Our local community has been very supportive for us as well – we are the 4th neuroblastoma family in our town and when the news got out about Norah’s diagnosis, the prayers began. Dinner deliveries began. Offers to take Evelynn for a play date so I could catch up on sleep came often. Groceries always found their way into our pantry. We were never without someone checking in on us, doing a fundraiser for us or just sending a text to say, “I’m thinking about you, do you need anything?” Evelynn’s school has been largely responsible for helping me feel comfortable when I had to leave for 2 weeks at a time for Norah’s treatment. The principal, secretaries, paras, other parents and her teachers all made me feel at ease knowing that Evelynn would be looked after, taken care of and given hugs if she was having a sad day. She had plenty of those. She missed her mom a lot. But I knew that there were many people willing to give hugs and spend a little time with her if she was upset. I was gone for a total of 18 weeks in 2018 alone, and Evelynn made it through with the support of her own little village at school!

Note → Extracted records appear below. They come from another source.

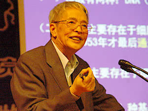 由于是科普报告,冼鼎昌院士特别用简洁、生动的语言将一个个专业术语阐述得十分清晰明了,巧妙地将氨基酸链比喻成宝石项链、将DNA脱氧核糖核酸比作建筑物的砖木、把DNA双螺旋结构比作一个扭成麻花状的梯子……,使听众一次次地进入梦幻般的科学世界。
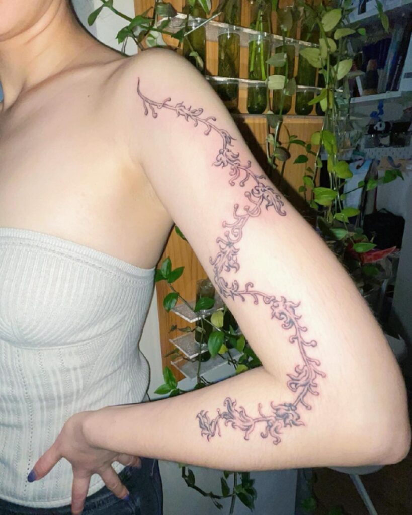 Wrapping gracefully around the arm, this vine tattoo mimics the natural curl and spread of living plants. Its delicate leaves extend in an elegant pattern, creating the impression of something alive and climbing.
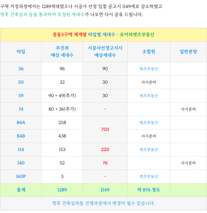 중동5구역 재개발 현재 추정 타입별 세대수 입니다.
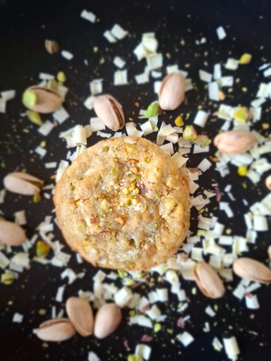 Mehki cookies s kremno pistacija kremo in hrustljavimi koščki pistacije. Bogat oreškast okus in popolna kombinacija mehkega testa in polnila
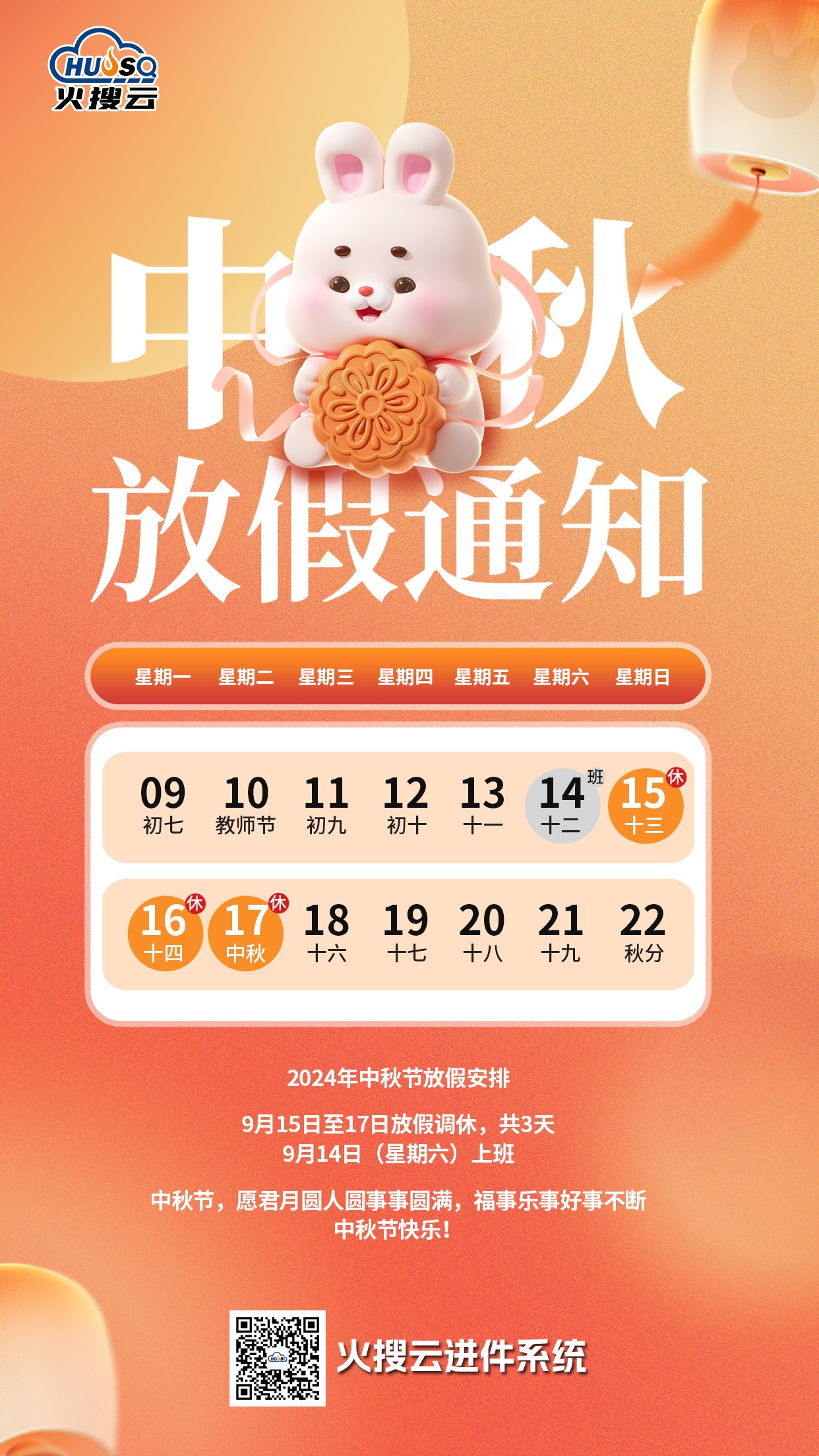 新聞資訊 縱觀全局,深度聚焦,關注汽車金融新趨勢 2024年中秋節放假通知 2024-9-15 2:39:19 次瀏覽 各位員工:  根據國家節假日安排,2024年中秋節放假時間為9月15日(周日)至9月17日(周二),共三天。9月14日(周六)正常上班。 請大家提前安排好工作,確保假期期間公司業務的正常運轉。 祝大家中秋節快樂,闔家幸福! 各位員工: 根據國家節假日安排,2024年中秋節放假時間為9月15日(周日)至9月17日(周二),共三天。9月14日(周六)正常上班。 請大家提前安排好工作,確保假期期間公司業務的正常運轉。 祝大家中秋節快樂,闔家幸福! 上一篇:2024年國慶節放假通知 下一篇:2024年五一放假通知
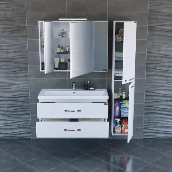 Механизм доводчика, Ящик, Полочка, Ручки, Зеркало-шкаф, Выключатель, Розетка, Светильник, Тумба под раковину, Раковина
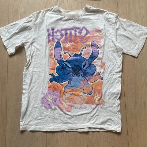 Pent brukt t-skjorte med stitch i str.134/140 fra h&m. Selges nå til 50 kr.
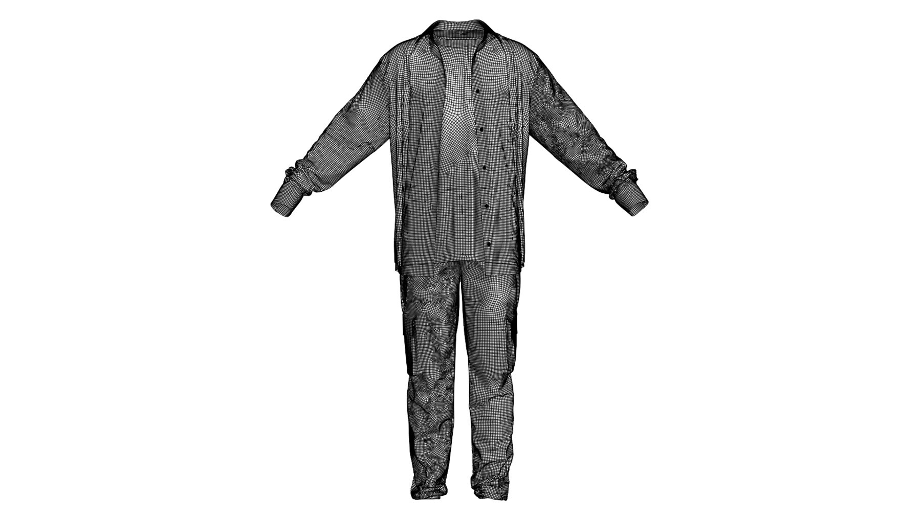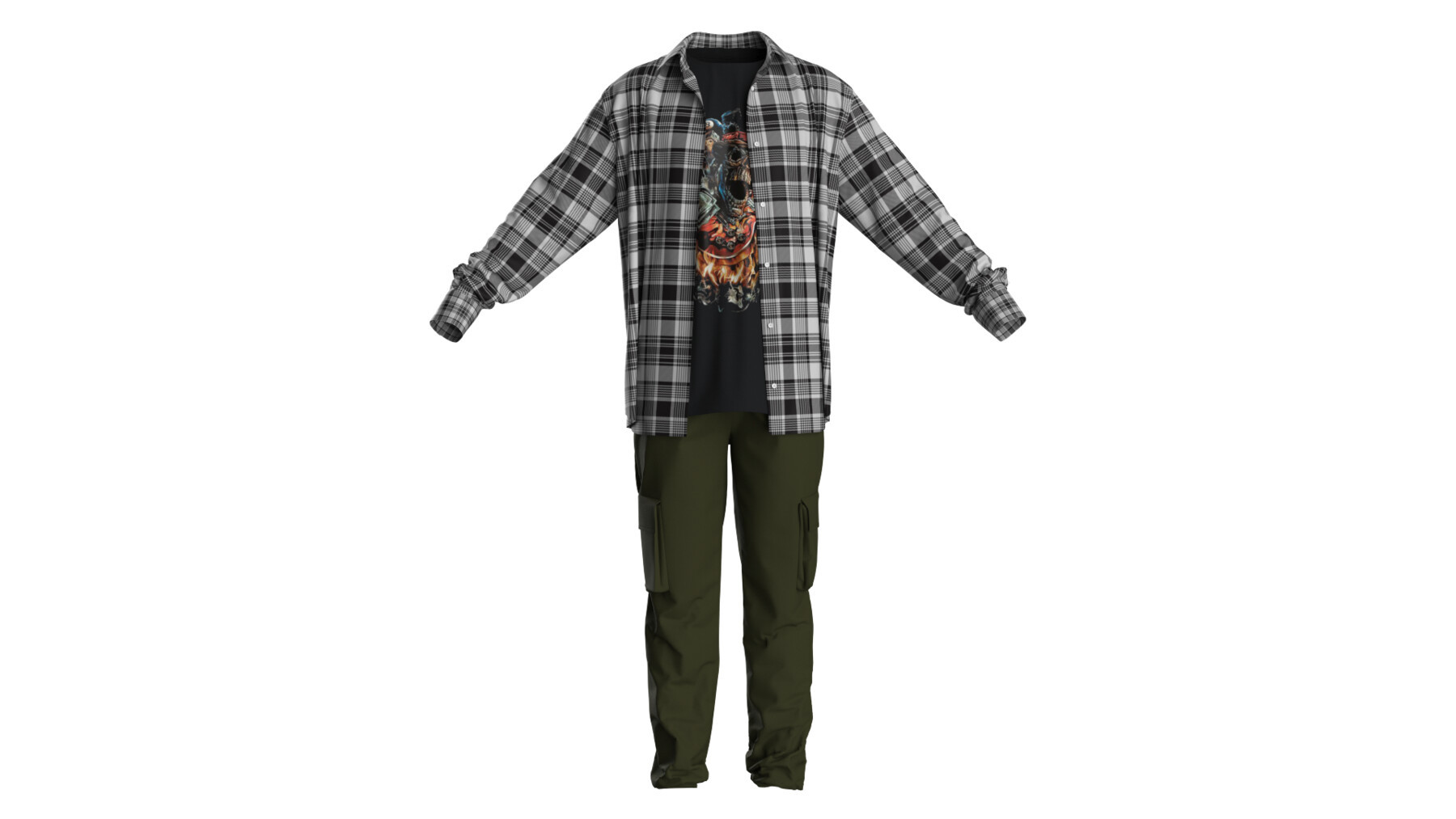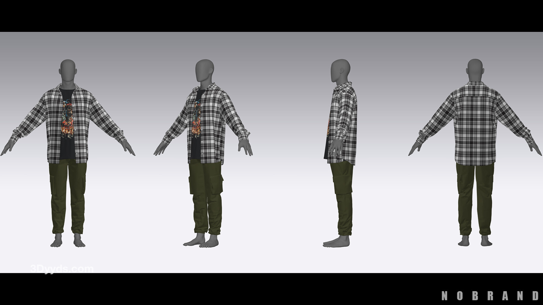 MD322-CLO3D男士休闲格子衬衫T桖军绿工装裤ZPRJ服装OBJ
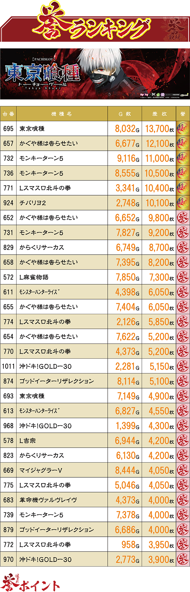なんと6台もの10,000枚オーバー台が誕生したこの日。前回、誉ランキング1位記録の『L東京喰種』が2連続で首位レコードの栄誉に輝いた。またTOP記録はすべて赤誉マーキング(=3,000枚以上)となっており、前回を遥かに上回る結果を披露!

Over the years our village has grown so much and spread across the nation. There are people constantly reaching out to us and asking how Norah is doing. Genuinely wanting to know so they can continue specific prayers for her and for our family. People we have never met in person have sent gifts for Norah’s birthday, Christmas cards for both our girls and have sent postcards just to say Hi. Other families we haven’t met before have adopted our family for Christmas for the last 3 years – getting gifts for the girls so that the can have a great Christmas Day. One day last year, during a particularly rough treatment week, I posted on our Facebook page and asked for everyone to send in silly jokes to help Norah cheer up and the amount of jokes we got was staggering! It always amazes me how GOOD people are – people want to help – people want to help you heal – physically and emotionally.
We are so thankful for every single person along our journey. I don’t know what we would do without each and every one of you.